◆ ASSIGNMENT: The answer must consist solely of the lines below starting at the one containing "日经225指数8月28日(周" and ending at the one containing "Fall Socks |", repeated exactly, with both ends included and all pictures omitted.
### SUPPLIED DATA
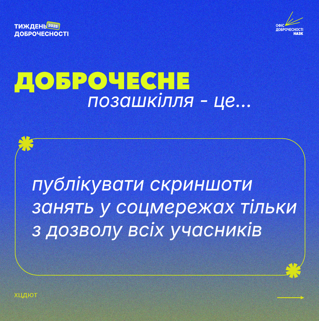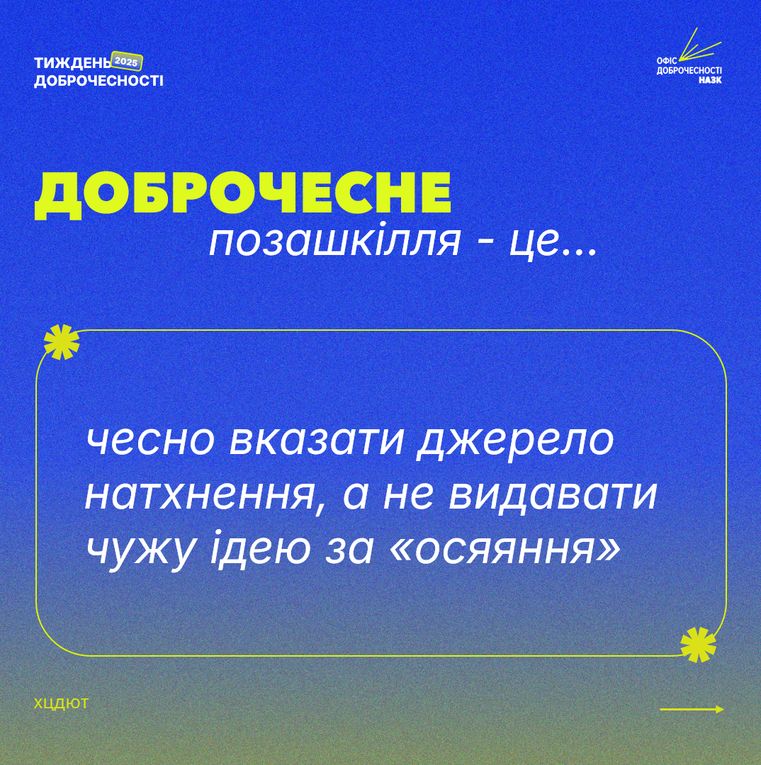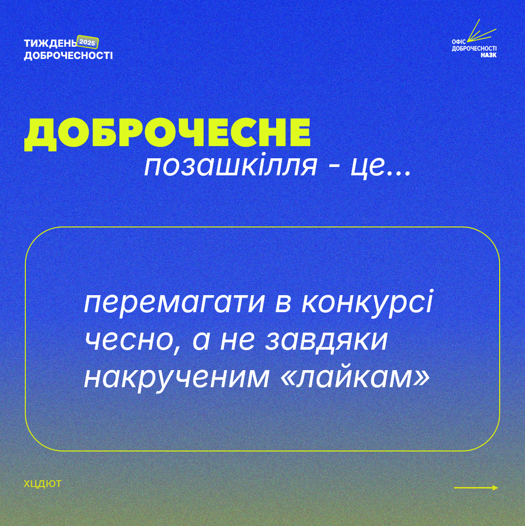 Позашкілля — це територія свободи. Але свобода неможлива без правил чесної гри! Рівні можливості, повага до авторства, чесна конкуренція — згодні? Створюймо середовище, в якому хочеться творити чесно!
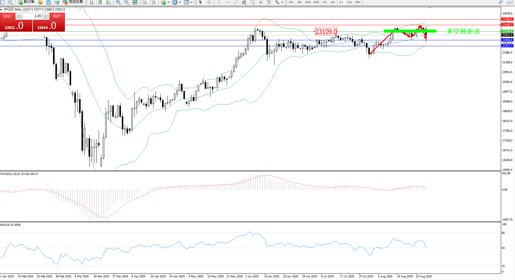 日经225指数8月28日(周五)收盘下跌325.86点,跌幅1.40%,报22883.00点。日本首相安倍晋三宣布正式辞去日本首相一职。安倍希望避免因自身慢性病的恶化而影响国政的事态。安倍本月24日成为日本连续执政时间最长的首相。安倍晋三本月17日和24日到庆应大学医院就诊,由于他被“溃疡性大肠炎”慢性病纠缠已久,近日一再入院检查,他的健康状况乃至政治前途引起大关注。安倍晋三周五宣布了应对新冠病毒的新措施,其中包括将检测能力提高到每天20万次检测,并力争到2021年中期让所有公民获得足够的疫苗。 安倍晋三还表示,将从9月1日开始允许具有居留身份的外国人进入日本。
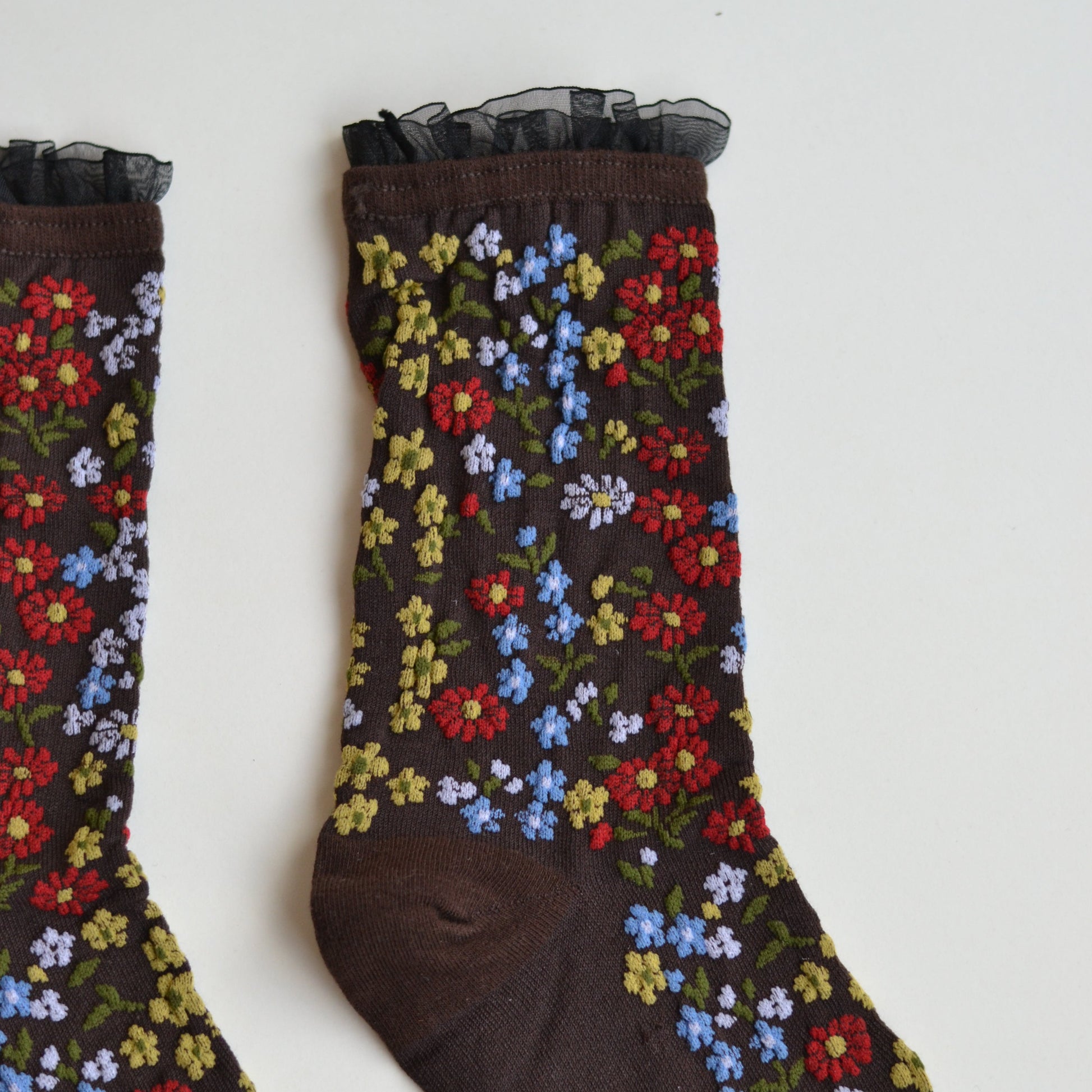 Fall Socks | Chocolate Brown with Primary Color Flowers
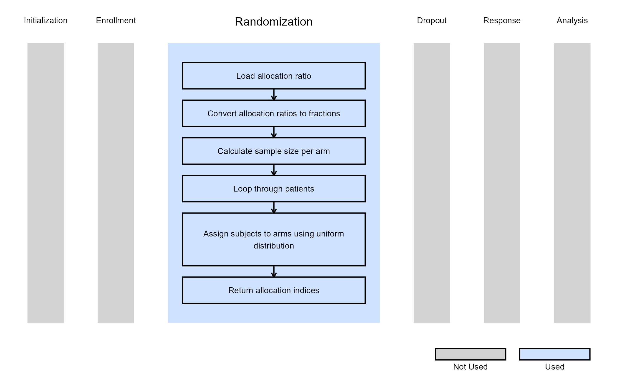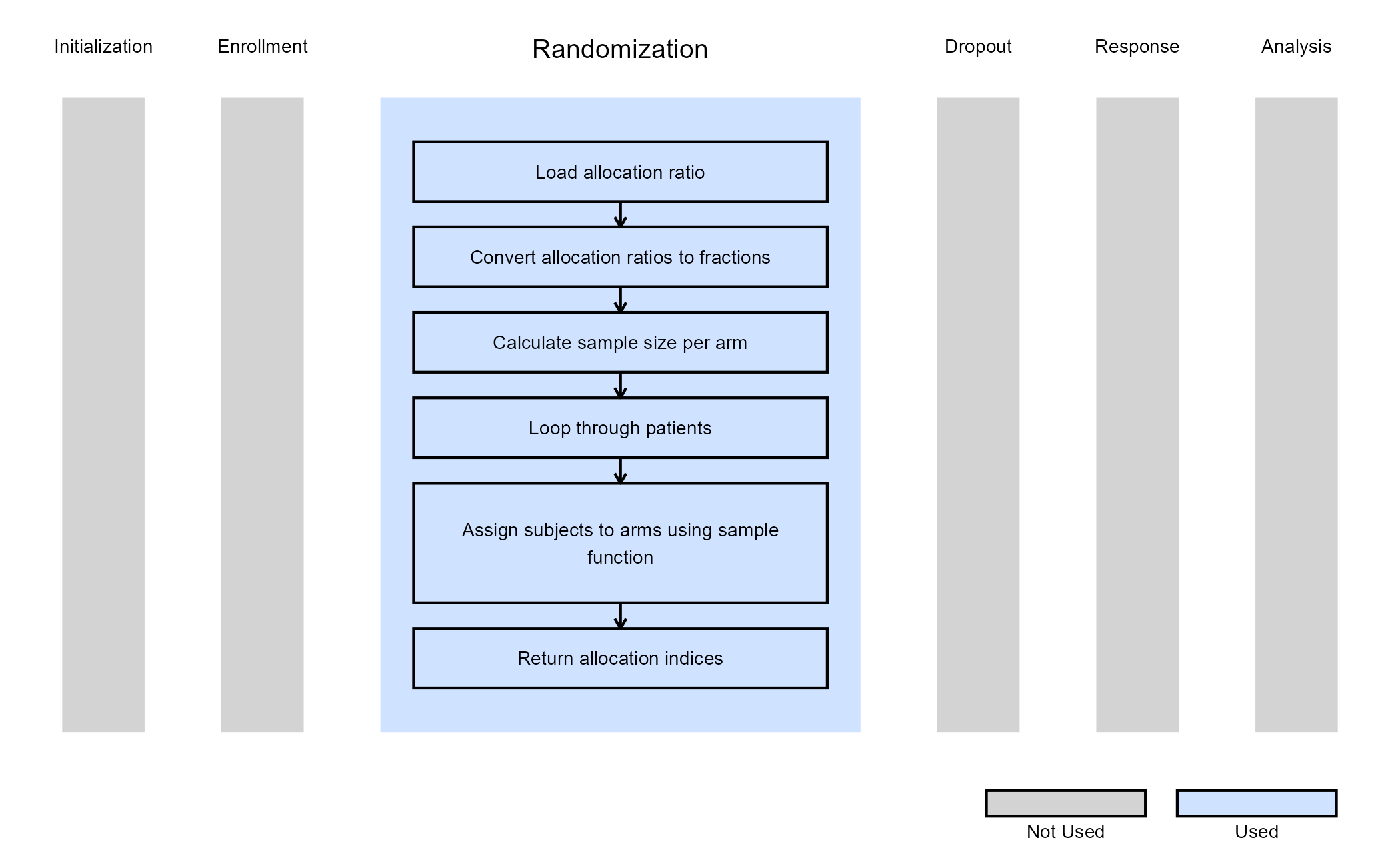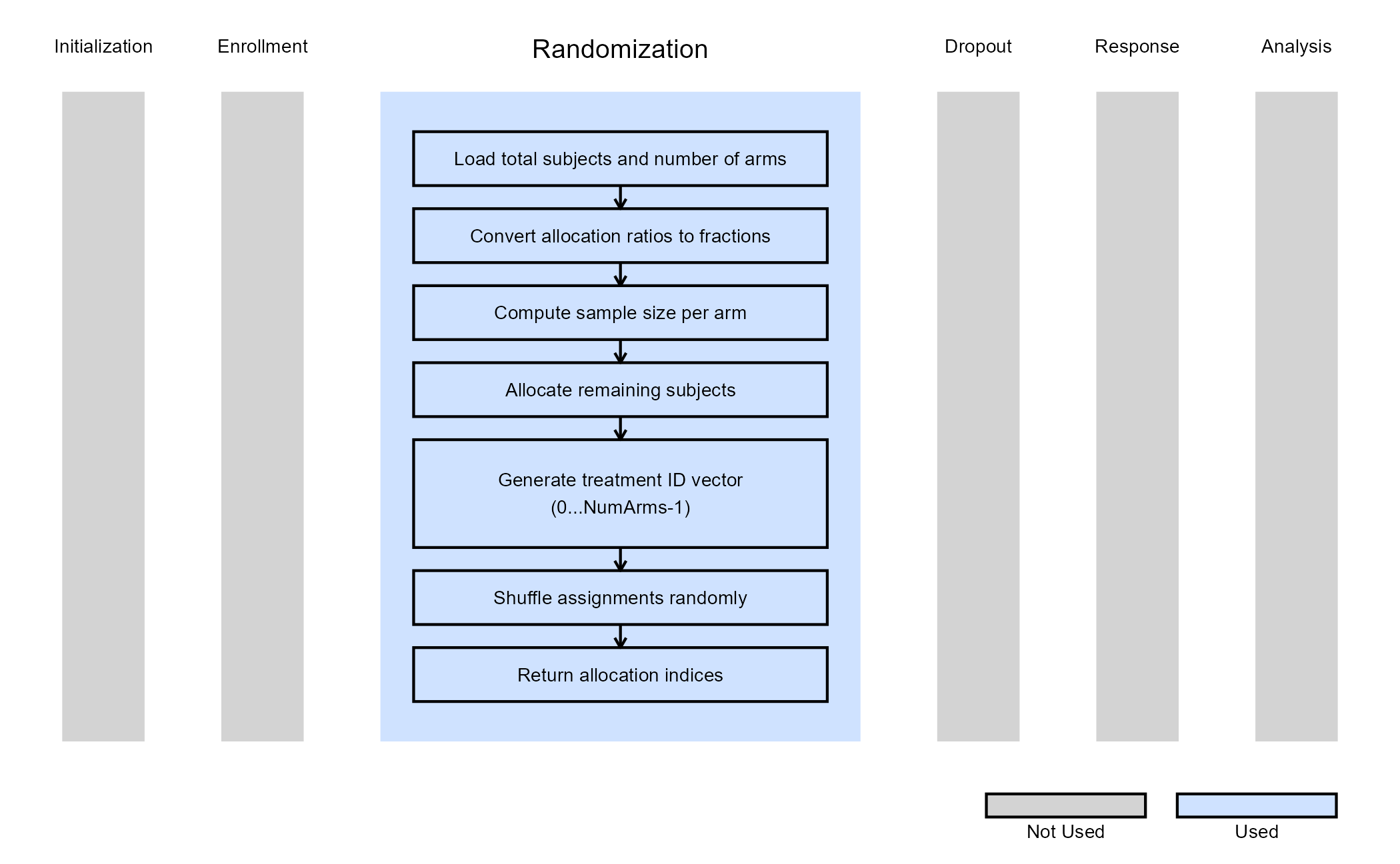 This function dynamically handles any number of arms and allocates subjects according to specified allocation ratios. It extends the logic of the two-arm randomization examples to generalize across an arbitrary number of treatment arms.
######
### SUPPLIED DATA
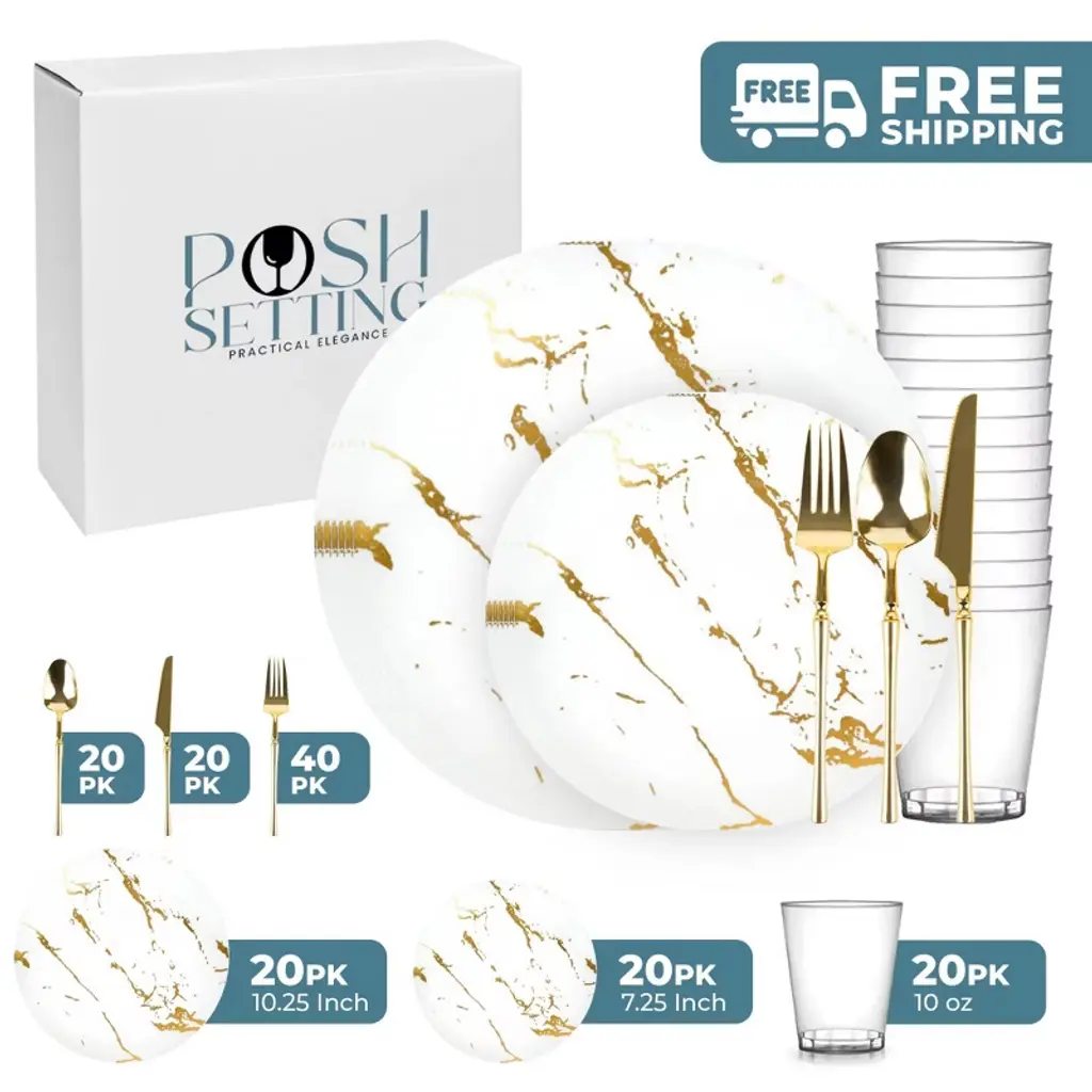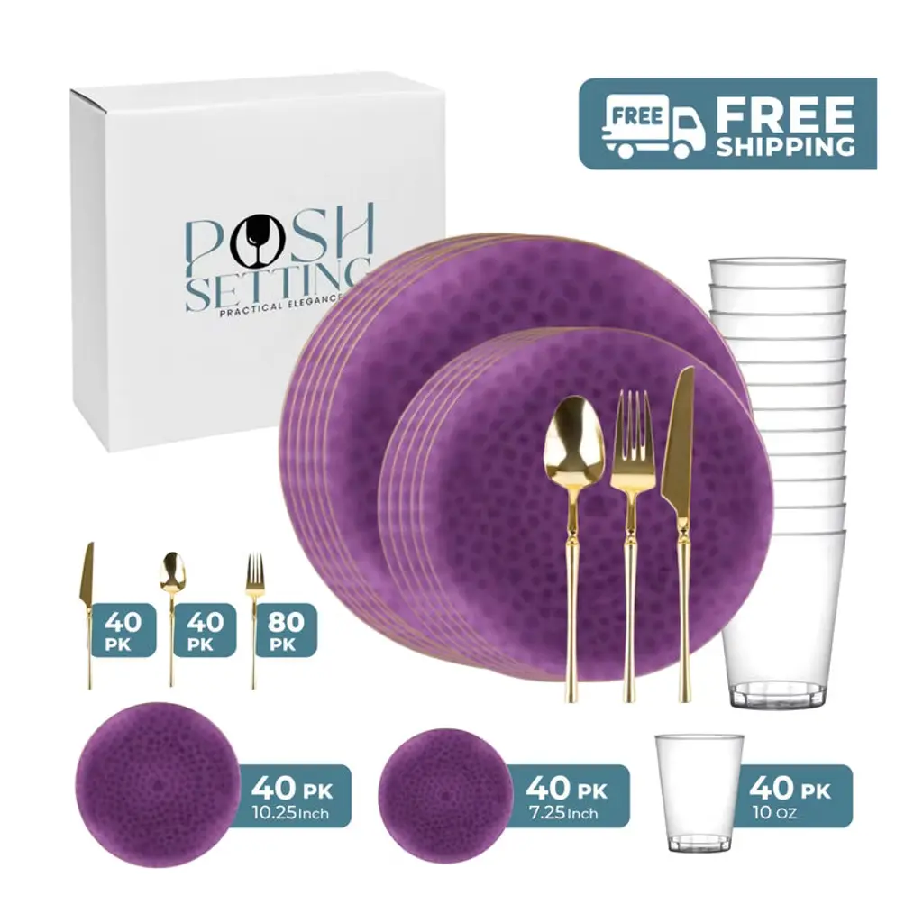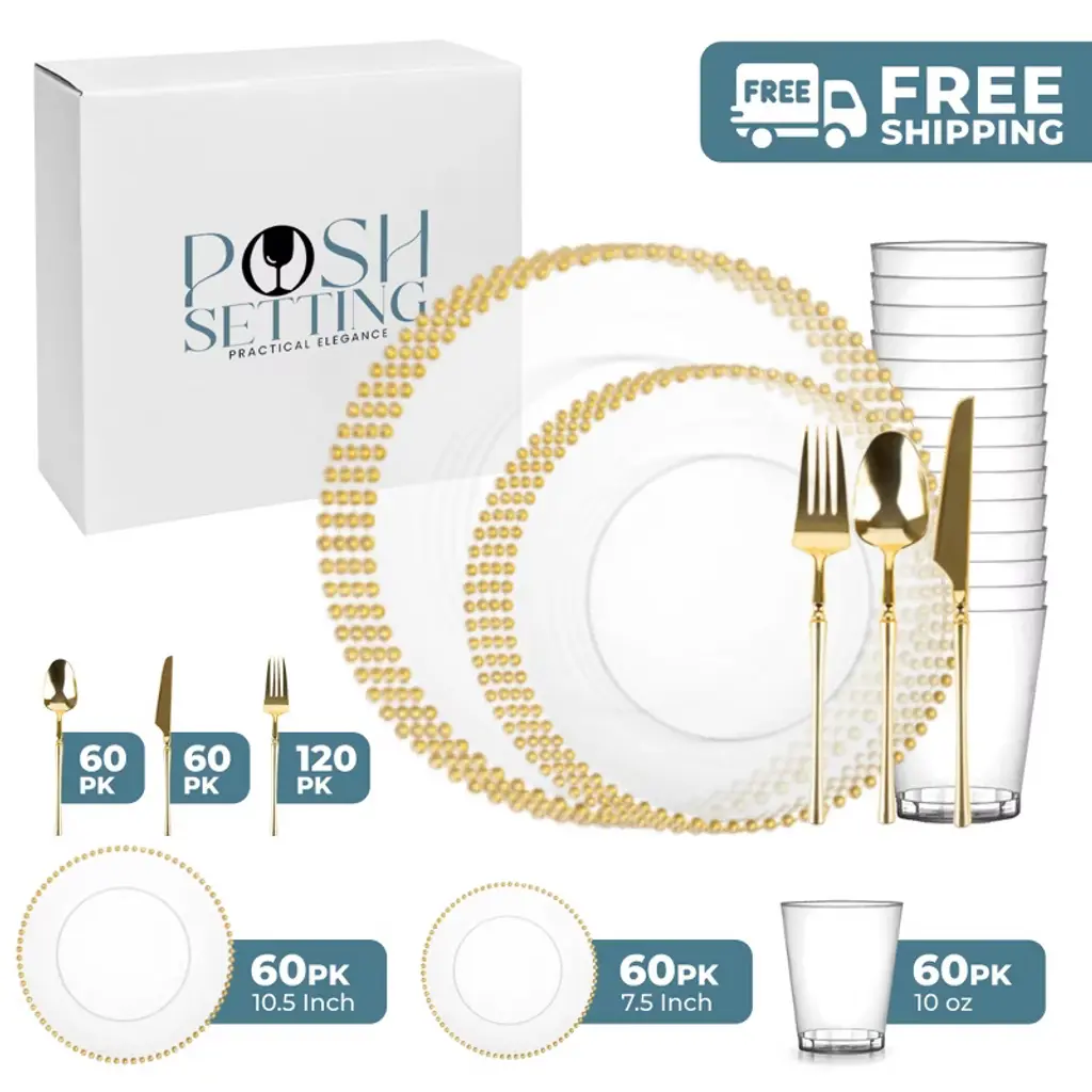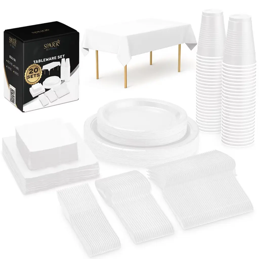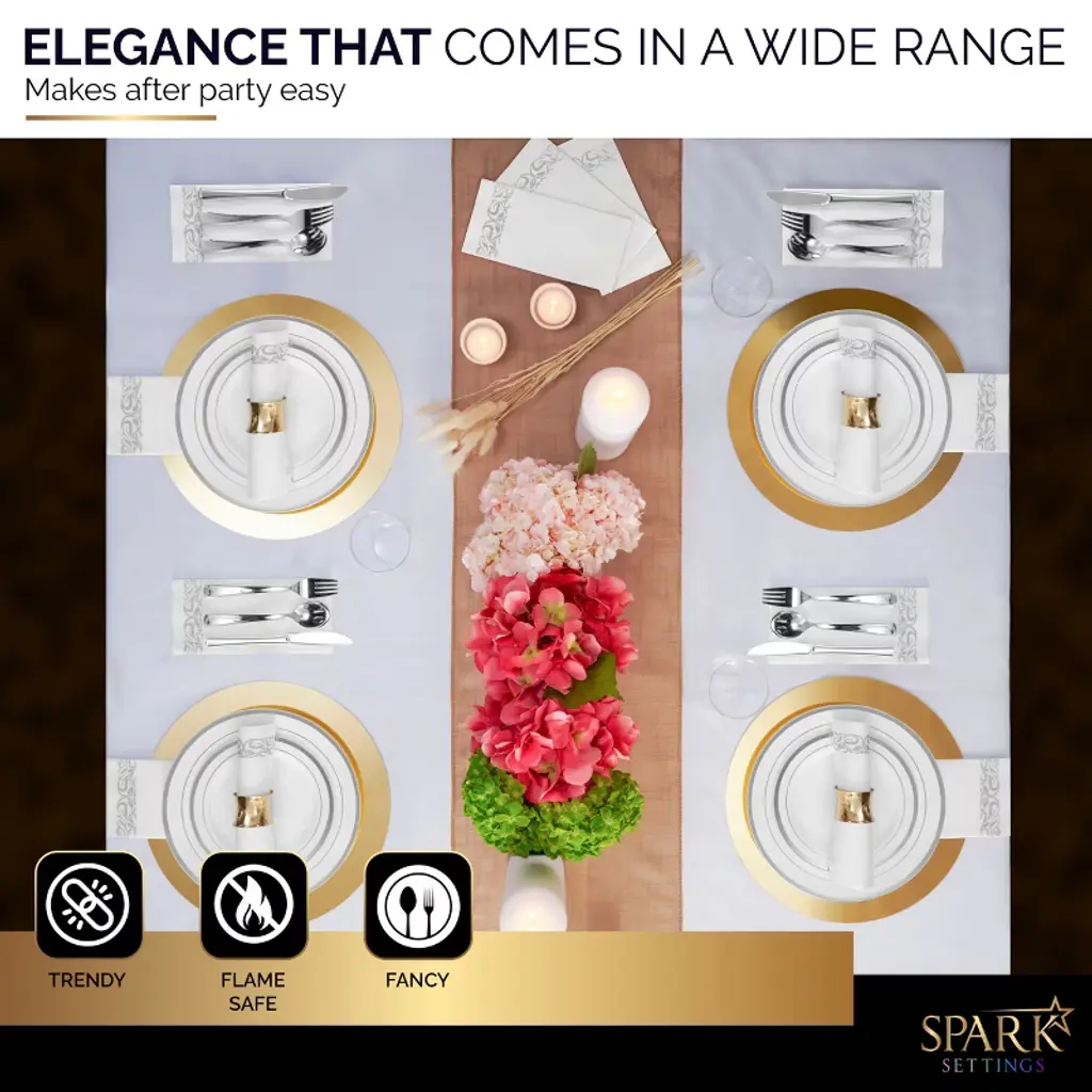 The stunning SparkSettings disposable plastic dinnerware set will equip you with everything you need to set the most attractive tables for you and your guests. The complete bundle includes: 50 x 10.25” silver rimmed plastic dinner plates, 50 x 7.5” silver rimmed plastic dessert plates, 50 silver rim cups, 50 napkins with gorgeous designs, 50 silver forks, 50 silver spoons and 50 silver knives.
######
◆ RESPONSE TO THE EXERCISE:
 日经225指数8月28日(周五)收盘下跌325.86点,跌幅1.40%,报22883.00点。日本首相安倍晋三宣布正式辞去日本首相一职。安倍希望避免因自身慢性病的恶化而影响国政的事态。安倍本月24日成为日本连续执政时间最长的首相。安倍晋三本月17日和24日到庆应大学医院就诊,由于他被“溃疡性大肠炎”慢性病纠缠已久,近日一再入院检查,他的健康状况乃至政治前途引起大关注。安倍晋三周五宣布了应对新冠病毒的新措施,其中包括将检测能力提高到每天20万次检测,并力争到2021年中期让所有公民获得足够的疫苗。 安倍晋三还表示,将从9月1日开始允许具有居留身份的外国人进入日本。
 Fall Socks | Chocolate Brown with Primary Color Flowers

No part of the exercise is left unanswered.